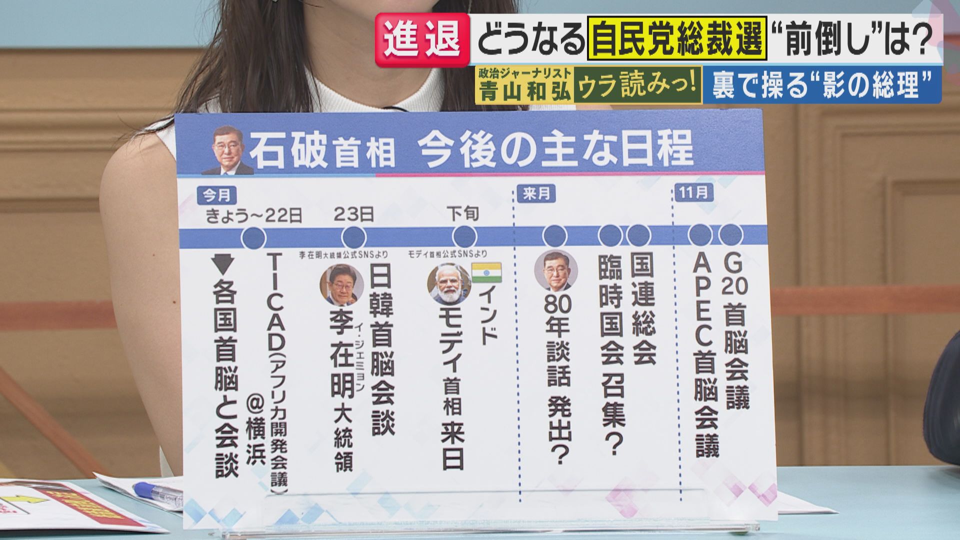 【青山和弘さん】「15日は終戦の日なので、そこで追悼式とかもありましたので、その前2日ぐらいは全く日程が入ってなかったんですよ。結構ゆっくりできたかなと思ったんだけども、こういった文言を考えてたのプラス、TICADというアフリカ開発会議。この後は韓国の大統領や、インドの首相もやってきますので、こうしたことの予習で、『本当に忙しかった』、『全く休む暇がなかった』と語っていました」
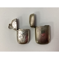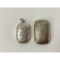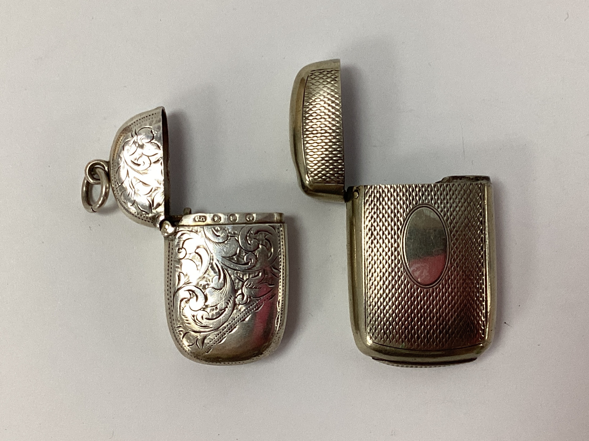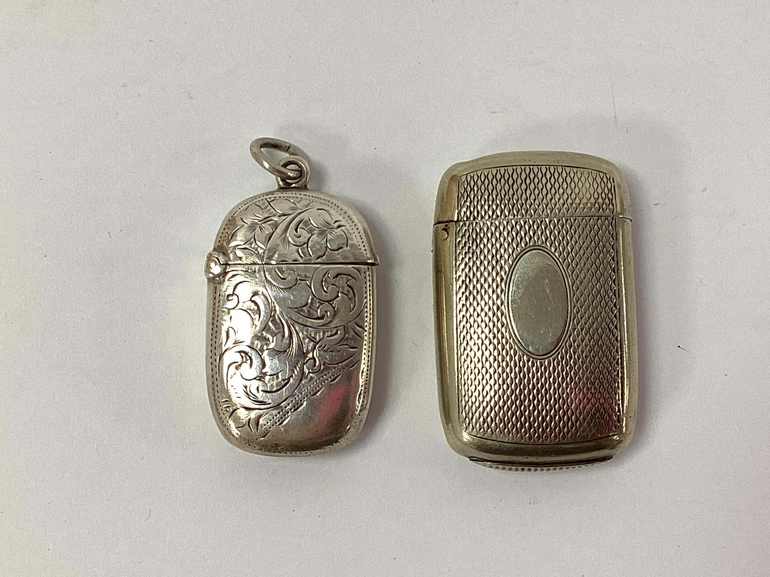 A Hallmarked Silver Vesta Case, with allover foliate style decoration, Birmingham 1886, measuring approximately 4 x 2.5cm (dents); Together with A Larger Vesta Case, of engine turned design with vacant cartouche, stamped "H J & Co", approximately 4.9 x 3cm (dents). (2)
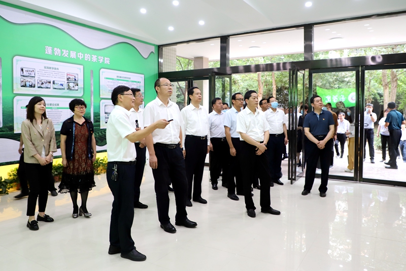 蔡松涛先后到园艺学院、制药工程学院、茶学院,了解学校特色优势专业建设发展及产学研工作开展情况,并看望慰问正在教学一线工作的教师。慰问现场,蔡松涛分别同国家级教学名师郭桂义教授、省脱贫攻坚先进个人王德芝教授、省级教学名师杨俊杰教授、师德标兵史雅洁老师亲切交流,关心他们的工作生活情况。
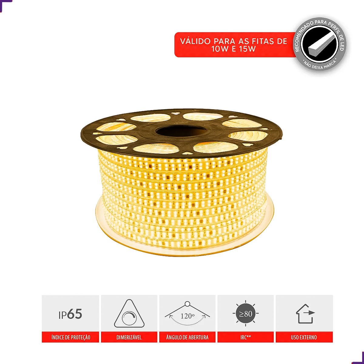 Código do modelo: LED-FITA-EXT-CONNECT-IP65-10WM-50M-AM2700K-127VCA
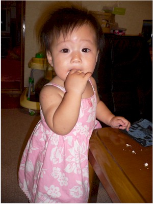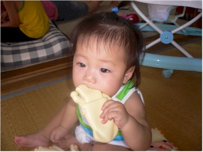 どうやら璃杏もはまっているらしい・・・今日の夜にママが璃杏に水をあげていました。璃杏も水が好きらしいと言うことでパパも真似してあげてみました。まだ上手には飲めないけど、ちょっとずつ飲んでいました。ウチの家族は全員で水飲んでるんだね。そりゃすぐに水がなくなるわけだ!!!そして、璃杏の変な癖をひとつ!今日気がついたんだけど、璃杏が口笛を吹くような口をしてフーフー言っています。たまにピーピー口笛がかすかに鳴っています。今まではやっていなかったと思うんだけど、なんだろう?今日だけかな?夕飯を食べているときに璃杏が眠たそう。はじめはモグモグご飯を食べていたんだけど、急にご飯食べる勢いが衰えてきたから、あれって思ったんだけど、どうやら眠たいようだ。遥人はご飯を食べ終わってからバタッと倒れこむようにねたんだけど、璃杏は食べながら寝ちゃうみたいです。ママと二人で見ていて大笑いでした。
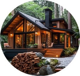 A stunning exterior view of a modern mountain cabin at dusk, featuring warm interior lighting visible through floor-to-ceiling glass windows, natural wood siding, a bold black metal roof and chimney,…
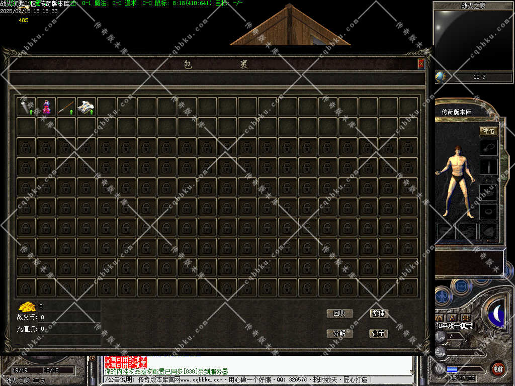 01-746独家1.76战火沉默复古三职业客户端-带假人-成长系统-自动挂机-大背包 | ||
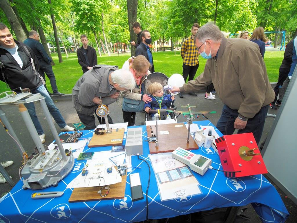 Сьогодні у нас також є і традиційний рекламно-інформаційний стенд, де представлено розробки членів авіамодельного гуртка та студентів. Факультет систем управління літальних апаратів презентує макети, які в мініатюрі демонструють принципи управління складною авіаційною технікою. Факультет радіоелектроніки, комп’ютерних систем та інфокомунікацій привертає увагу розробками кафедри радіоелектронних та біомедичних комп’ютеризованих засобів та технологій», – розповів на виставці начальник відділу доуніверситетської освіти Андрій Маковецький.
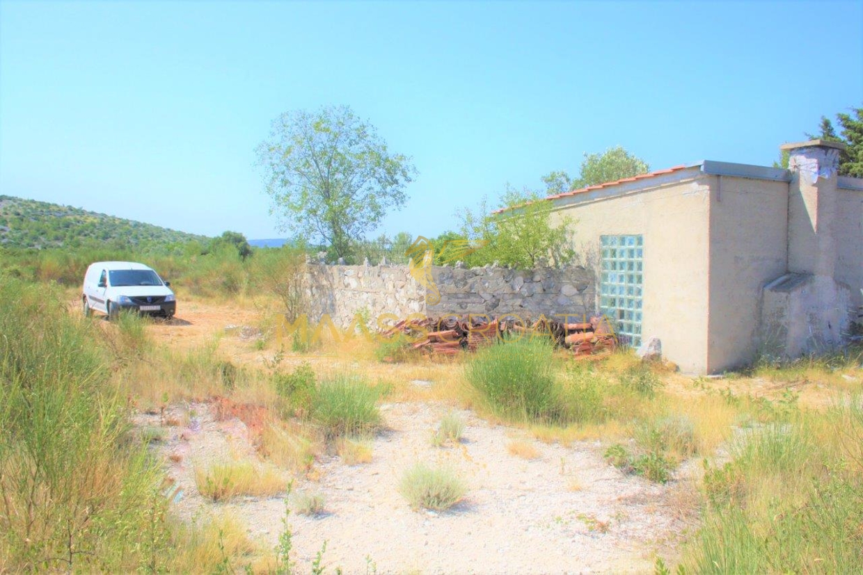 Der vordere Grundstücksteil reicht bis zur ersten Reihe Meer; den Hang zum Meer könnte man als terrassierte Olivenplantage einrichten und einen Pfad zum 110 Meter entferntem Meer schaffen.
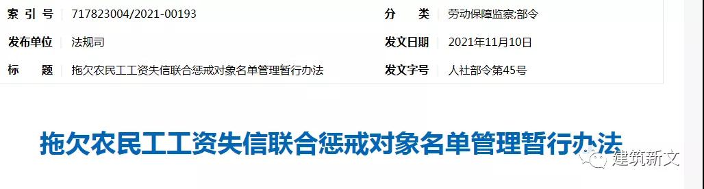 行業(yè)動態(tài)|人社部出臺《拖欠農(nóng)民工工資失信聯(lián)合懲戒對象名單管理暫行辦法》 附解讀
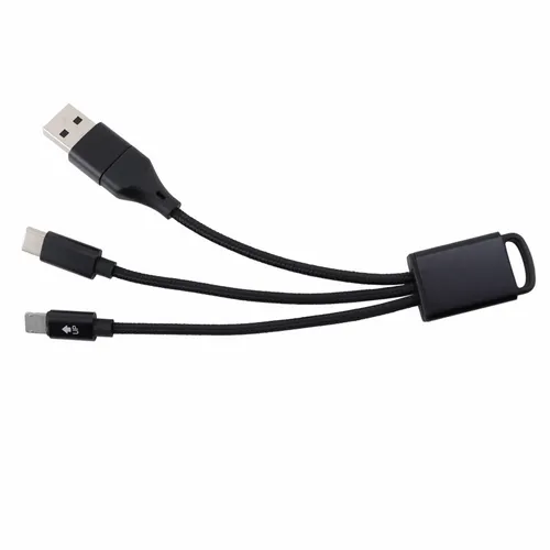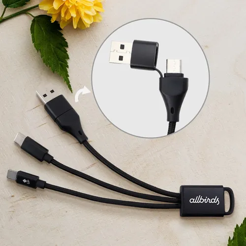 The perfect companion for any stylish tech enthusiast. It is laser engraved for a subtle refined style. The cable includes USB, Type-C, MicroUSB/Non-MFi 5-pin combo tip to cover most Android and other devices. Plus, the USB tip is an adapter/cap that can be easily removed to reveal another Type-C output.
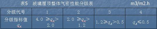 玻璃屋頂整體(含開啟部分)采用壓力差為10Pa時的單位面積空氣滲透量qA作為分級指標,分級指標應符合下表的規定。
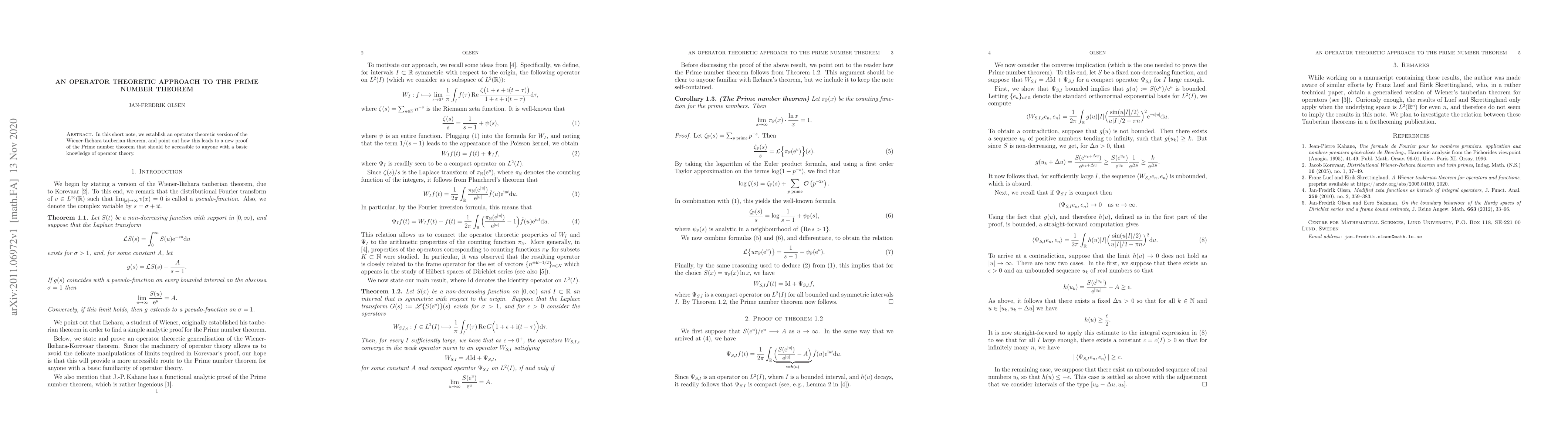 This paper establishes an operator theoretic version of the Wiener-Ikehara tauberian theorem, leading to a new proof of the Prime number theorem that can be understood by those with basic knowledge of operator theory.
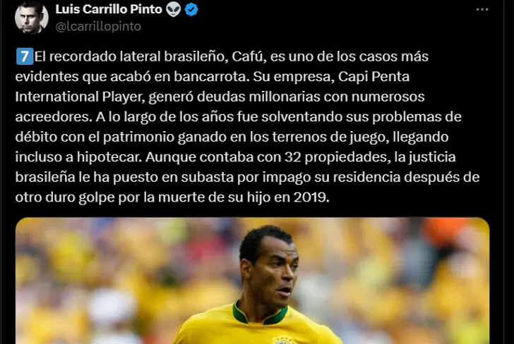 “O lembrado lateral brasileiro Cafú é um dos casos mais óbvios que terminaram em falência. Sua empresa, a Capi Penta International Player, gerou dívidas milionárias com diversos credores. bens conquistados nos campos de jogo, chegando até a hipotecar Embora tivesse 32 imóveis, a justiça brasileira colocou sua residência em leilão por falta de pagamento após mais um duro golpe pela morte de seu filho em 2019. "; foi a informação compartilhada pelo renomado comunicador peruano Luis Carrillo Pinto.
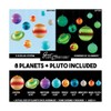 - Contents include: 8 Glowing Planets, 1 Glowing Dwarf Planet, 230 Glowing Adhesive Stars, Comets, and Asteroids, Planetary Guide, 25 Feet of String, 10 Star-shaped Tacks, Adhesive Putty
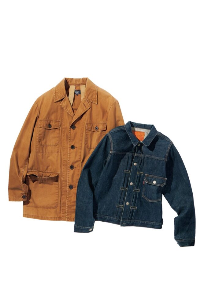 「タブロイドニュース」より、ハンティングジャケットは、40年代製の個体を参考にピボットスリーブやゲームポケットを取り入れつつ、日常着として作られたブランドらしい1着。デニムジャケットもヴィンテージのクオリティで、モダンかつスタイリッシュな仕上がりを心がけていたそう。
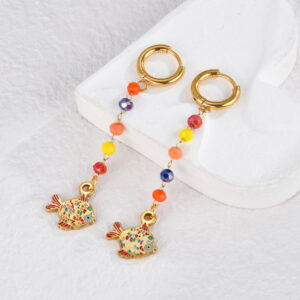 Multi-element Beaded Small Pendant Earrings, Fish Design
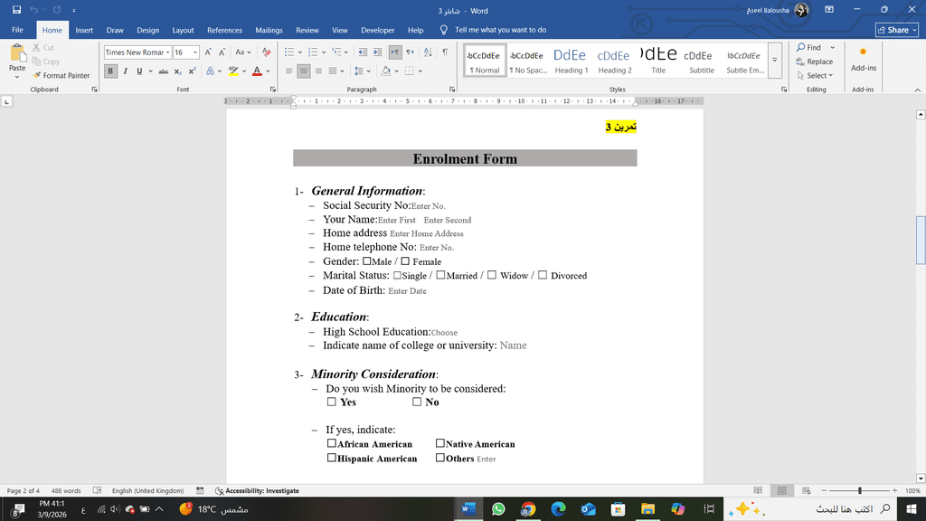 إعداد الجداول والتقارير باستخدام برامج Microsoft Office.
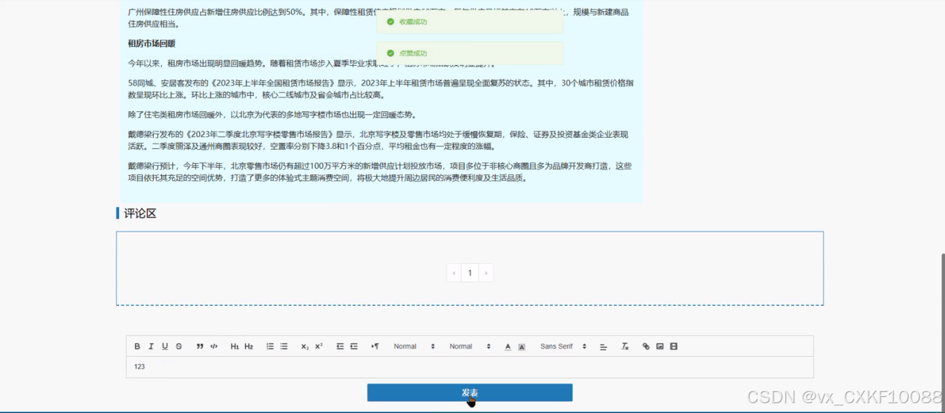 b.发布评论:用户可以根据需要发布自己的评论信息到网站上,分享交流房屋信息、提出问题或建议,促进用户之间的交流和互动。
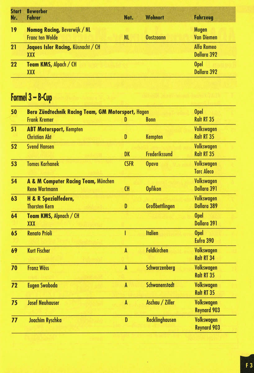 28.06.1992 - Norisring 13.+14.Lauf Deutsche Formel-3-Meisterschaft Streckenskizze Programmheft Starterliste Alle Ergebnisse: Nennungsliste Rennen 1 Ergebnis freies Training Ergebnis Zeittraining 1 Original Zeitnahme Bericht Zeittraining 1 Ergebnis Zeittraining 2 Bericht Zeittraining 2 Gesamtergebnis Zeittraining 1+2 Original Zeitnahme Startaufstellung Rennen 1 Ergebnis Rennen 1 Original Zeitnahme Bericht Rennen 1 Nennungsliste Rennen 2 Startaufstellung Rennen 2 Ergebnis Rennen 2 Original Zeitnahme Bericht Rennen 2
- - - -
- [Task brief]:
The result should be all the records, retyped exactly, with no pictures among them.

- [Response to the exercise]:
 【青山和弘さん】「15日は終戦の日なので、そこで追悼式とかもありましたので、その前2日ぐらいは全く日程が入ってなかったんですよ。結構ゆっくりできたかなと思ったんだけども、こういった文言を考えてたのプラス、TICADというアフリカ開発会議。この後は韓国の大統領や、インドの首相もやってきますので、こうしたことの予習で、『本当に忙しかった』、『全く休む暇がなかった』と語っていました」
 A Hallmarked Silver Vesta Case, with allover foliate style decoration, Birmingham 1886, measuring approximately 4 x 2.5cm (dents); Together with A Larger Vesta Case, of engine turned design with vacant cartouche, stamped "H J & Co", approximately 4.9 x 3cm (dents). (2)
 蔡松涛先后到园艺学院、制药工程学院、茶学院,了解学校特色优势专业建设发展及产学研工作开展情况,并看望慰问正在教学一线工作的教师。慰问现场,蔡松涛分别同国家级教学名师郭桂义教授、省脱贫攻坚先进个人王德芝教授、省级教学名师杨俊杰教授、师德标兵史雅洁老师亲切交流,关心他们的工作生活情况。
 Código do modelo: LED-FITA-EXT-CONNECT-IP65-10WM-50M-AM2700K-127VCA
 どうやら璃杏もはまっているらしい・・・今日の夜にママが璃杏に水をあげていました。璃杏も水が好きらしいと言うことでパパも真似してあげてみました。まだ上手には飲めないけど、ちょっとずつ飲んでいました。ウチの家族は全員で水飲んでるんだね。そりゃすぐに水がなくなるわけだ!!!そして、璃杏の変な癖をひとつ!今日気がついたんだけど、璃杏が口笛を吹くような口をしてフーフー言っています。たまにピーピー口笛がかすかに鳴っています。今まではやっていなかったと思うんだけど、なんだろう?今日だけかな?夕飯を食べているときに璃杏が眠たそう。はじめはモグモグご飯を食べていたんだけど、急にご飯食べる勢いが衰えてきたから、あれって思ったんだけど、どうやら眠たいようだ。遥人はご飯を食べ終わってからバタッと倒れこむようにねたんだけど、璃杏は食べながら寝ちゃうみたいです。ママと二人で見ていて大笑いでした。
 A stunning exterior view of a modern mountain cabin at dusk, featuring warm interior lighting visible through floor-to-ceiling glass windows, natural wood siding, a bold black metal roof and chimney,…
 01-746独家1.76战火沉默复古三职业客户端-带假人-成长系统-自动挂机-大背包 | ||
 Сьогодні у нас також є і традиційний рекламно-інформаційний стенд, де представлено розробки членів авіамодельного гуртка та студентів. Факультет систем управління літальних апаратів презентує макети, які в мініатюрі демонструють принципи управління складною авіаційною технікою. Факультет радіоелектроніки, комп’ютерних систем та інфокомунікацій привертає увагу розробками кафедри радіоелектронних та біомедичних комп’ютеризованих засобів та технологій», – розповів на виставці начальник відділу доуніверситетської освіти Андрій Маковецький.
 Der vordere Grundstücksteil reicht bis zur ersten Reihe Meer; den Hang zum Meer könnte man als terrassierte Olivenplantage einrichten und einen Pfad zum 110 Meter entferntem Meer schaffen.
 行業(yè)動態(tài)|人社部出臺《拖欠農(nóng)民工工資失信聯(lián)合懲戒對象名單管理暫行辦法》 附解讀
 The perfect companion for any stylish tech enthusiast. It is laser engraved for a subtle refined style. The cable includes USB, Type-C, MicroUSB/Non-MFi 5-pin combo tip to cover most Android and other devices. Plus, the USB tip is an adapter/cap that can be easily removed to reveal another Type-C output.
 玻璃屋頂整體(含開啟部分)采用壓力差為10Pa時的單位面積空氣滲透量qA作為分級指標,分級指標應符合下表的規定。
 This paper establishes an operator theoretic version of the Wiener-Ikehara tauberian theorem, leading to a new proof of the Prime number theorem that can be understood by those with basic knowledge of operator theory.
 “O lembrado lateral brasileiro Cafú é um dos casos mais óbvios que terminaram em falência. Sua empresa, a Capi Penta International Player, gerou dívidas milionárias com diversos credores. bens conquistados nos campos de jogo, chegando até a hipotecar Embora tivesse 32 imóveis, a justiça brasileira colocou sua residência em leilão por falta de pagamento após mais um duro golpe pela morte de seu filho em 2019. "; foi a informação compartilhada pelo renomado comunicador peruano Luis Carrillo Pinto.
 - Contents include: 8 Glowing Planets, 1 Glowing Dwarf Planet, 230 Glowing Adhesive Stars, Comets, and Asteroids, Planetary Guide, 25 Feet of String, 10 Star-shaped Tacks, Adhesive Putty
 「タブロイドニュース」より、ハンティングジャケットは、40年代製の個体を参考にピボットスリーブやゲームポケットを取り入れつつ、日常着として作られたブランドらしい1着。デニムジャケットもヴィンテージのクオリティで、モダンかつスタイリッシュな仕上がりを心がけていたそう。
 Multi-element Beaded Small Pendant Earrings, Fish Design
 إعداد الجداول والتقارير باستخدام برامج Microsoft Office.
 b.发布评论:用户可以根据需要发布自己的评论信息到网站上,分享交流房屋信息、提出问题或建议,促进用户之间的交流和互动。
 28.06.1992 - Norisring 13.+14.Lauf Deutsche Formel-3-Meisterschaft Streckenskizze Programmheft Starterliste Alle Ergebnisse: Nennungsliste Rennen 1 Ergebnis freies Training Ergebnis Zeittraining 1 Original Zeitnahme Bericht Zeittraining 1 Ergebnis Zeittraining 2 Bericht Zeittraining 2 Gesamtergebnis Zeittraining 1+2 Original Zeitnahme Startaufstellung Rennen 1 Ergebnis Rennen 1 Original Zeitnahme Bericht Rennen 1 Nennungsliste Rennen 2 Startaufstellung Rennen 2 Ergebnis Rennen 2 Original Zeitnahme Bericht Rennen 2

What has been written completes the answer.